Suddenly it went dramatic, tremolo and sustained – an eruption visited three times, then with marimba alone for a fourth to preface an angry build-up, fading again and echoed by a bell. The best music in the work, too late. More confidence in the orchestra's fragments of counter-melody might have helped, but this was a symptom of a wider cultural problem. Composers can build careers on orchestras' lack of confidence in contemporary music and its easy exploitation by persuasive publishers; the result is stacks of pieces nobody plays again.
Elgar's Serenade had shown the strings' finesse, though the cellos needed another desk to sing through, and despite fine details it was buttoned-up. The heart of this concert was Mozart, including a rousing performance of Symphony No 39. The main event was Bernard d'Ascoli's visit to play the Piano Concerto in A, K488.

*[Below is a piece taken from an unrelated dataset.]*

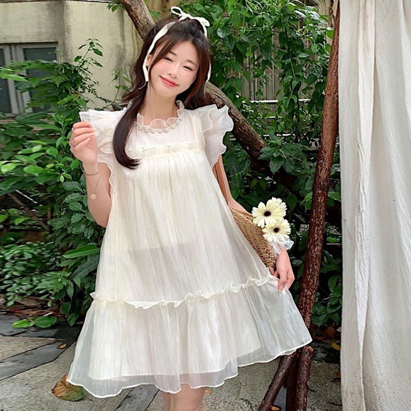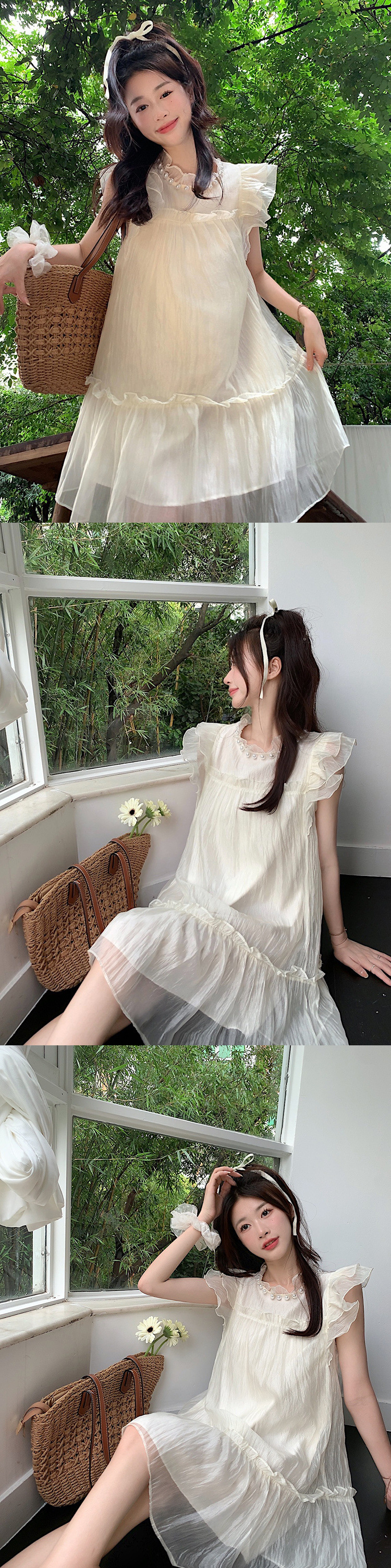 임산부 원피스 패션 슬리밍 연령 감소 경량 통기성 텐셀 달콤한 구슬 작은 신선한 원피스스토어 가기

D'Ascoli's playing is always special. A fine example of the dictum that pianists placed second or third in the Leeds competition have more character and artistry than most of the winners, d'Ascoli uses his long fingers to pursue the French virtues of clarity, sparkle and balance at an ideal tempo. More personally, every note of the intense slow movement was highly charged while maintaining an operatically lyrical line, so that even the bare outline of the melody at the end felt sufficient.
After half an hour of Mozart heaven, five minutes of distilled and concentrated solo Chopin – Chopin the French classicist rather than the Polish nationalist – made a nicely judged choice of encore.